Pour ces membres, un produit ne peut pas être validé s’il n’y a pas eu de discussions, de débats au préalable : « Il faut pousser plus l'investigation » (Isabelle). Nous nous rendrons avec elle le mois suivant pour récupérer la commande : « Gabriel m’a demandé d’avoir plus d’informations mais je sais pas quoi demander ». Il se trouve qu’elle n’avait pas pris rendez-vous et que le producteur était de nouveau absent. Son fils prépare les commandes en emballant chaque fromage dans des sachets personnalisés pour chaque personne. Catherine se réjouit de cette petite attention. C’est en discutant avec le fils qu’elle se rend compte que le producteur dont lui avait parlé son amie, qui fait le marché chaque semaine, n’est pas le même (eux ne font que de la vente à la ferme). Mais elle ne reviendra pas sur son choix, en mettant en avant une logique marchande et domestique (le cadeau aux clients fidèles ou à fidéliser) : « ils nous font le rabais, ce n’est vraiment pas cher et en plus ils sont bons ». Lorsque nous lui demandons à partir de quels moments le groupe fait confiance à un producteur, elle nous répond : « Mais c’est vrai que quand Gabriel était pas là, ça s’est fait naturellement. Le sirop, les gens l’ont goûté et on a commandé. Ceux qui ont voulu les goûter ont acheté tout de suite, ça s’est fait comme ça. Ils ont dit ok, elle est en bio, elle est toute seule, elle cultive elle-même son gingembre, c’est suffisant. Le fromage on verra parce que d’après ce que j’ai compris, on en discutera ce soir, pour voir si on continue mais je n’ai pas plus de renseignements. Mais bon, c’est ma faute ! »

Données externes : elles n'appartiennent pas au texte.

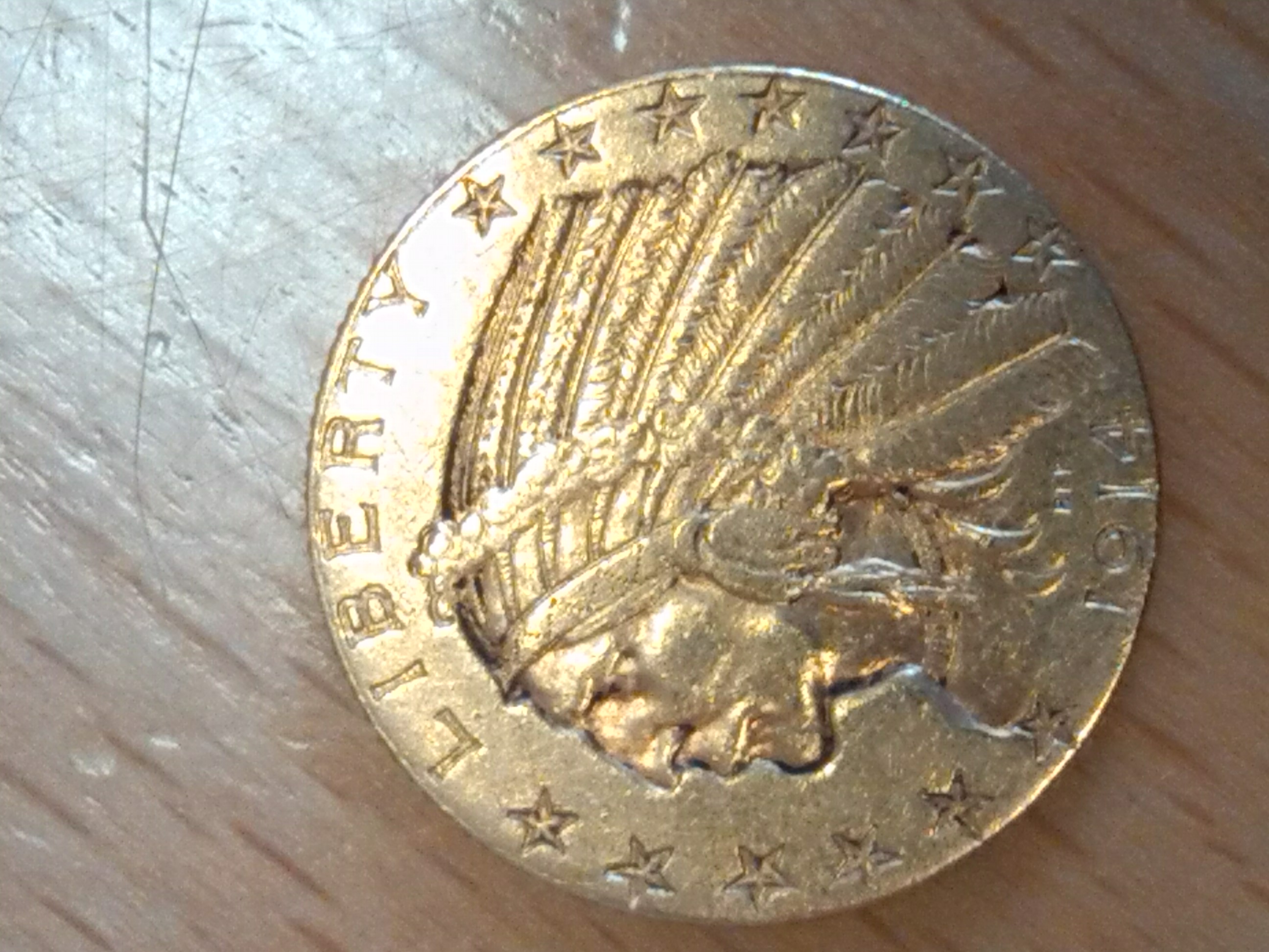 Is it at least 90% gold? It is a nice looking coin and I just picked one up from my local dealer raw yesterday, a 1914 none the less. Would make a great golf ball marker.

En comparaison à Isabelle qui préconise un travail d’enquête pour la validation d’un produit, pour Catherine, la dégustation suffit. Elle ne voit pas l’utilité d’aller plus loin dans l’enquête : « D’après ce que proposait Gabriel, parce que ça a jamais été autant callé, l’idée c’est qu’on part d’un produit potentiel, on valide le fait que ce soit un produit potentiel, on goûte, on prend les renseignements plus précis sur le producteur, on fait une commande d’essai et après on valide le produit ». Ces études de cas montrent en quoi ces deux membres du groupe mettent en place des logiques d’action différentes : Catherine prend du plaisir à essayer de nouvelles façons de faire en se rendant chez des producteurs et en ramenant des produits au GASE pour les déguster entre « convives », alors que Isabelle et Gabriel ont une démarche plus politique, d’enquêteurs. L’excitation de « cumuler » des produits se trouve confrontée à l’enquête pour évaluer la légitimité d’un produit prônée par les « détenteurs de la doctrine » (Catherine).

4.3.3.2. Les réunions : entre le jeu et l’efficacité

Ces incompréhensions entre le régime de l’exploration et le régime de l’enquête conduisent aussi à des réflexions sur l’organisation du temps de réunions. Pour certains, comme Joëlle, venir en réunion est un plaisir, alors que pour Gabriel et les membres « créateurs » qui convoquent un engagement plus politique, il y a une volonté de plus d’efficacité.

Proposition de Gabriel dans un compte rendu : « Vu que les réunions empiètent sur les discussions, il est proposé l'organisation suivante pour les prochaine réunions : 1h30 d'échange sur les sujets de fond et 30 min de livraisons à la fin. Chaque responsable produit doit préparer des paquets pour les

75 Gasiers concernés qui tiennent leurs sous prêts. Faut qu'ça dépote. Cela peut se faire sur les tables de la pièce à côté ».

De même, afin de mener une enquête correctement, Gabriel a proposé l’élaboration de fiches « type » avec des questions, en guise de mode d’emploi à l’enquête auprès des producteurs.